→ **Dataset records**:
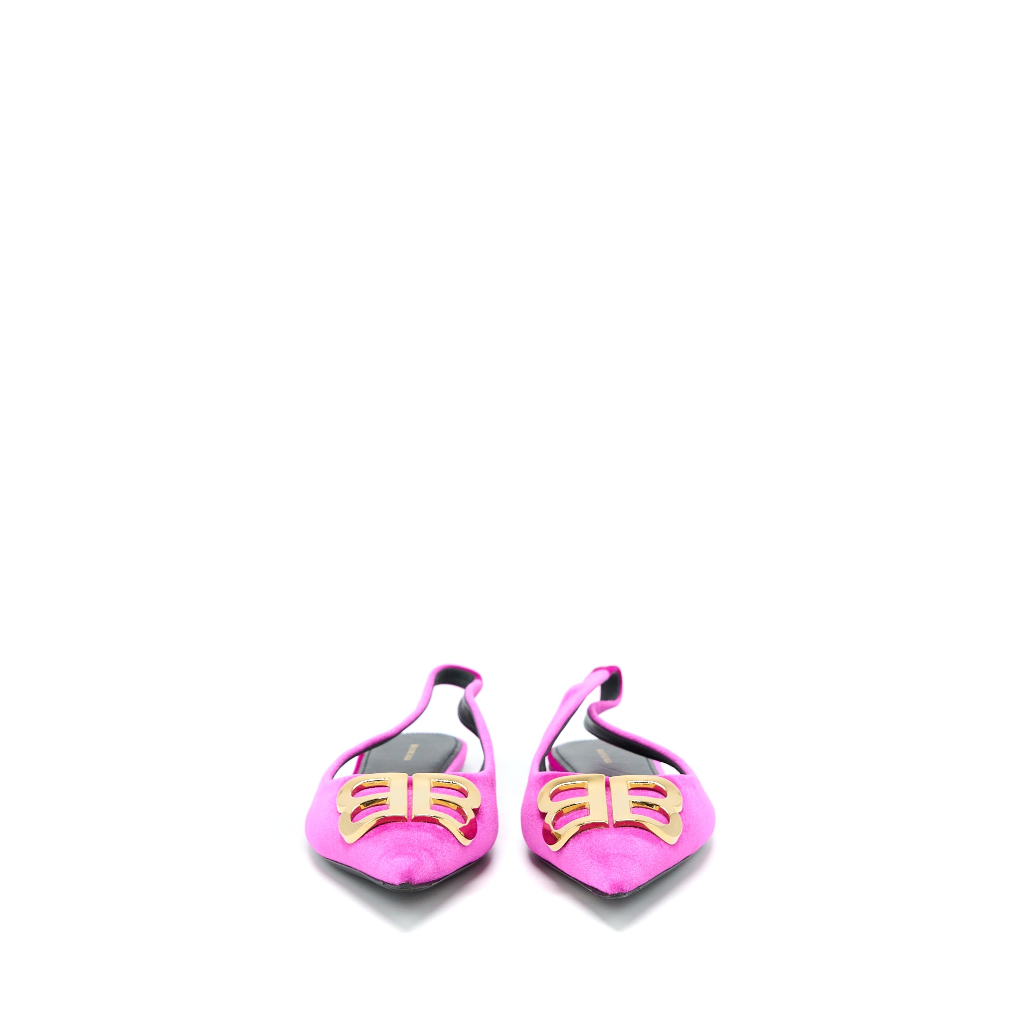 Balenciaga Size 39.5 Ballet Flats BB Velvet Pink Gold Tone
...
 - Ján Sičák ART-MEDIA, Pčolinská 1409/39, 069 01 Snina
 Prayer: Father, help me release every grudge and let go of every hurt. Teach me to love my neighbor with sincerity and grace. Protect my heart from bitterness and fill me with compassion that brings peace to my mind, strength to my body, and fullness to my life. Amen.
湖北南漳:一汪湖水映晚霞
==
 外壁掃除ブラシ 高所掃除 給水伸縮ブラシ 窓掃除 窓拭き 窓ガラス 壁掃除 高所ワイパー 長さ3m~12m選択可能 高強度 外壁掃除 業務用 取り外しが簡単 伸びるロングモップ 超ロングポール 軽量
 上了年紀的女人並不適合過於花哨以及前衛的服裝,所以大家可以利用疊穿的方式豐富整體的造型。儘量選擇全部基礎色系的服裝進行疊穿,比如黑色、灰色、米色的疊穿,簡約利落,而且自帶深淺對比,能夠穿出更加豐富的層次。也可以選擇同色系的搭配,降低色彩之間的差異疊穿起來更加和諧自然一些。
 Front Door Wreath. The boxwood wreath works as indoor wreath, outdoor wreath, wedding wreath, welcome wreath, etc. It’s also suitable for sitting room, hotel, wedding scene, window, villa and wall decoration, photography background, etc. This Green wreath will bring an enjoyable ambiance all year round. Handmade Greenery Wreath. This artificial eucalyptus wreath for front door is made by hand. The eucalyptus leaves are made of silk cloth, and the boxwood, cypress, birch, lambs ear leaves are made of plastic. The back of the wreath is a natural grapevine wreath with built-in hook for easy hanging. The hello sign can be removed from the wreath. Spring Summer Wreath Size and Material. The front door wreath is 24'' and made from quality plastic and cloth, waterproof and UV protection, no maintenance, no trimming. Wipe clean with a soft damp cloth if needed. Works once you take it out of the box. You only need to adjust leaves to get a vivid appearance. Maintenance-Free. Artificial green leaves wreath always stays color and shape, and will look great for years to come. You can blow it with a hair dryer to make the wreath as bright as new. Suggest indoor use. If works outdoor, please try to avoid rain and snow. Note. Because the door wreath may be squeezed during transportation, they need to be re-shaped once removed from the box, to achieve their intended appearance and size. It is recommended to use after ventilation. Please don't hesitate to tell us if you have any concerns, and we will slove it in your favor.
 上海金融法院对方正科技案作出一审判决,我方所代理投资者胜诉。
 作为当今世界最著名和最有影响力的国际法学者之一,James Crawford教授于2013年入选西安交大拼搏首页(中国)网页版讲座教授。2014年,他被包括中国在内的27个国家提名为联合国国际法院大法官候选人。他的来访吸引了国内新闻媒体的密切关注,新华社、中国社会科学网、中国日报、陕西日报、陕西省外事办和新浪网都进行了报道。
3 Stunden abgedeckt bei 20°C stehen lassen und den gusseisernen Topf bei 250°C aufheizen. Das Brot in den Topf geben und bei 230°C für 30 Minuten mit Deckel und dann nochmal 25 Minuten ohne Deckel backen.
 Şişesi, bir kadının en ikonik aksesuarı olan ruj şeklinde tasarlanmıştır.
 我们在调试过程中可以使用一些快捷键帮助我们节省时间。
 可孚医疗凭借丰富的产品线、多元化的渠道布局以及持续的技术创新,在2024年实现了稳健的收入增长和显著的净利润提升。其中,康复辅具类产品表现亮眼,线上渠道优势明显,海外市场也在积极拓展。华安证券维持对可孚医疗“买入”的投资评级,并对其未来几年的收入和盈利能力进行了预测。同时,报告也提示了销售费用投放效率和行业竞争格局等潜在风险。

→ **Task to carry out**:
From the records above, copy only the lines starting with the line that holds "Prayer: Father, help" and going on through the line that holds "湖北南漳:一汪湖水映晚霞", exactly as written.

→ **Exercise result**:
 Prayer: Father, help me release every grudge and let go of every hurt. Teach me to love my neighbor with sincerity and grace. Protect my heart from bitterness and fill me with compassion that brings peace to my mind, strength to my body, and fullness to my life. Amen.
湖北南漳:一汪湖水映晚霞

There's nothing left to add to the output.